2021 California Code
Health and Safety Code - HSC
DIVISION 2 - LICENSING PROVISIONS
CHAPTER 2.2 - Health Care Service Plans
ARTICLE 5 - Standards
Section 1367.206.
(a) If there is more than one drug that is clinically appropriate for the treatment of a medical condition, a health care service plan that provides coverage for prescription drugs may require step therapy.
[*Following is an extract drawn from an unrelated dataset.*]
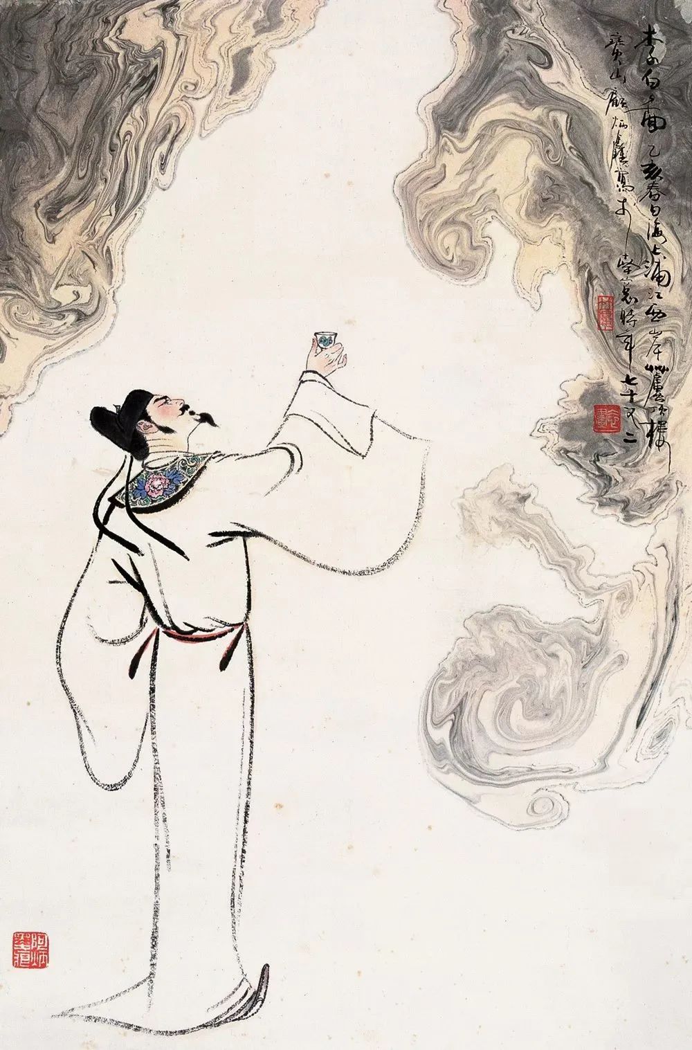 ▲“诗仙”李白劝自己喝酒:“举杯邀明月,对饮成三人”。(图片来源:三联生活周刊)

(b) A health care service plan shall expeditiously grant a request for a step therapy exception within the applicable time limit required by Section 1367.241 if a prescribing provider submits necessary justification and supporting clinical documentation supporting the provider’s determination that the required prescription drug is inconsistent with good professional practice for provision of medically necessary covered services to the enrollee, taking into consideration the enrollee’s needs and medical history, along with the professional judgment of the enrollee’s provider. The basis of the provider’s determination may include, but is not limited to, any of the following criteria:
(1) The required prescription drug is contraindicated or is likely, or expected, to cause an adverse reaction or physical or mental harm to the enrollee in comparison to the requested prescription drug, based on the known clinical characteristics of the enrollee and the known characteristics and history of the enrollee’s prescription drug regimen.
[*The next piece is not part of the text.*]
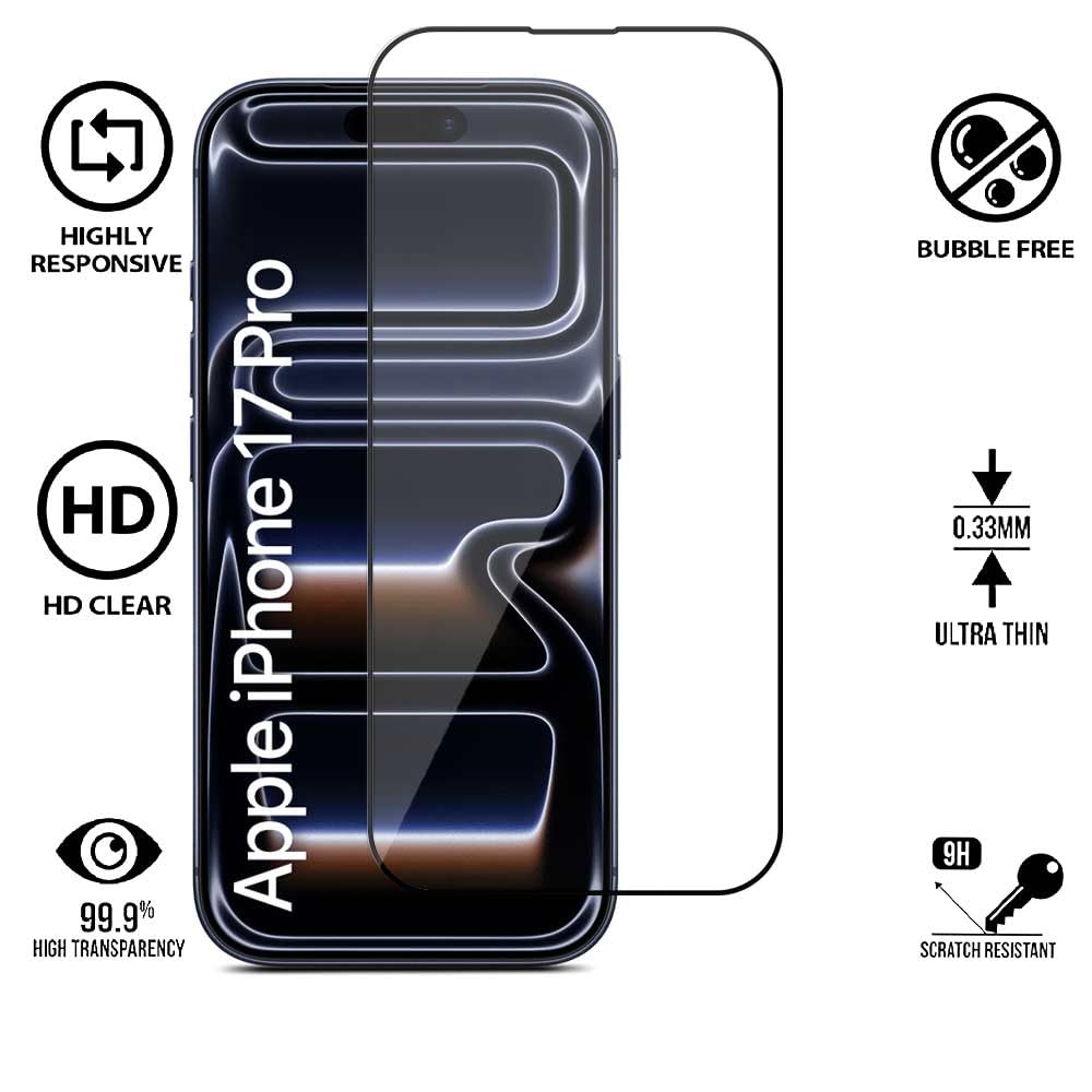 WOW IMAGINE Tempered Glass Compatible for iPhone 17 Pro | 9H Hardness Screen Protector | Edge to Edge Coverage with Easy Installation kit | (Black)

(2) The required prescription drug is expected to be ineffective based on the known clinical characteristics of the enrollee and the known characteristics and history of the enrollee’s prescription drug regimen.
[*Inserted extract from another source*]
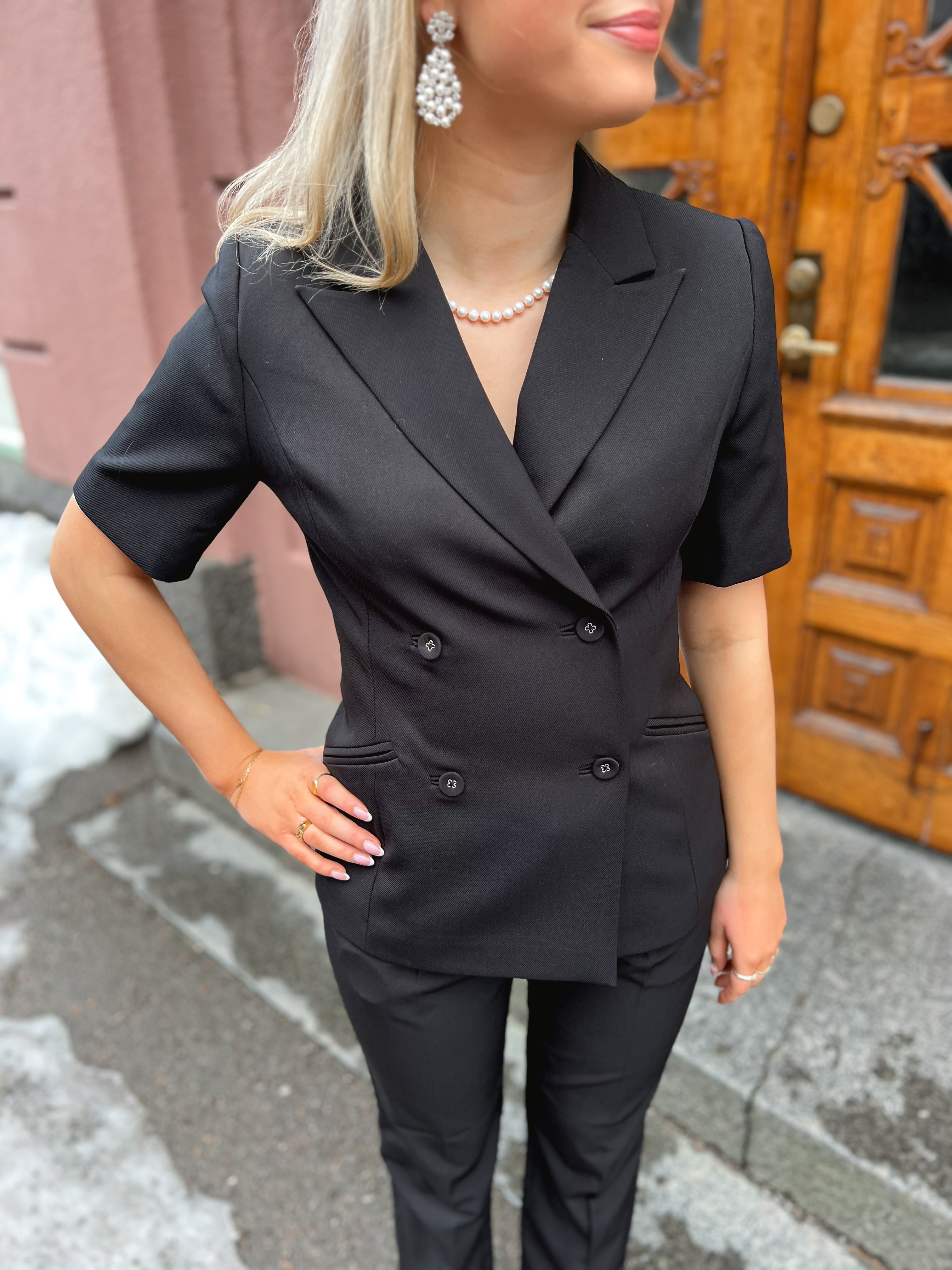«Franja» fra Custommade er en rålekker dobbelspennet blazer i sort med korte ermer. Franja har en feminin passform.

(3) The enrollee has tried the required prescription drug while covered by their current or previous health coverage or Medicaid, and that prescription drug was discontinued due to lack of efficacy or effectiveness, diminished effect, or an adverse reaction. The health care service plan may require the submission of documentation demonstrating that the enrollee tried the required prescription drug before it was discontinued.
(4) The required prescription drug is not clinically appropriate for the enrollee because the required drug is expected to do any of the following, as determined by the enrollee’s prescribing provider:
(A) Worsen a comorbid condition.
(B) Decrease the capacity to maintain a reasonable functional ability in performing daily activities.
(C) Pose a significant barrier to adherence to, or compliance with, the enrollee’s drug regimen or plan of care.
(5) The enrollee is stable on a prescription drug selected by the enrollee’s prescribing provider for the medical condition under consideration while covered by their current or previous health coverage or Medicaid.
(c) A health care provider or prescribing provider may appeal a denial of an exception request for coverage of a nonformulary drug, prior authorization request, or step therapy exception request consistent with the health care service plan’s current utilization management processes.
(d) An enrollee or the enrollee’s designee or guardian may appeal a denial of an exception request for coverage of a nonformulary drug, prior authorization request, or step therapy exception request by filing a grievance under Section 1368.
(e) This section does not prohibit either of the following:
(1) A health care service plan or utilization review organization from requiring an enrollee to try an AB-rated generic equivalent or interchangeable biological product before providing coverage for the equivalent branded prescription drug.
(2) A health care provider from prescribing a prescription drug that is clinically appropriate.
(f) This section does not require or authorize a health care service plan that contracts with the State Department of Health Care Services to provide services to Medi-Cal beneficiaries to provide coverage for prescription drugs that are not required pursuant to those programs or contracts, or to limit or exclude any prescription drugs that are required by those programs or contracts.
(g) For purposes of this section, “step therapy exception” means a decision to override a generally applicable step therapy protocol in favor of coverage of the prescription drug prescribed by a health care provider for an individual enrollee.
(h) Commencing January 1, 2022, a health care service plan contract with a utilization review organization, medical group, or other contracted entity that performs utilization review or utilization management functions on a health care service plan’s behalf shall include terms that require the contracted entity to comply with this section and Section 1367.241.
(Added by Stats. 2021, Ch. 742, Sec. 1. (AB 347) Effective January 1, 2022.)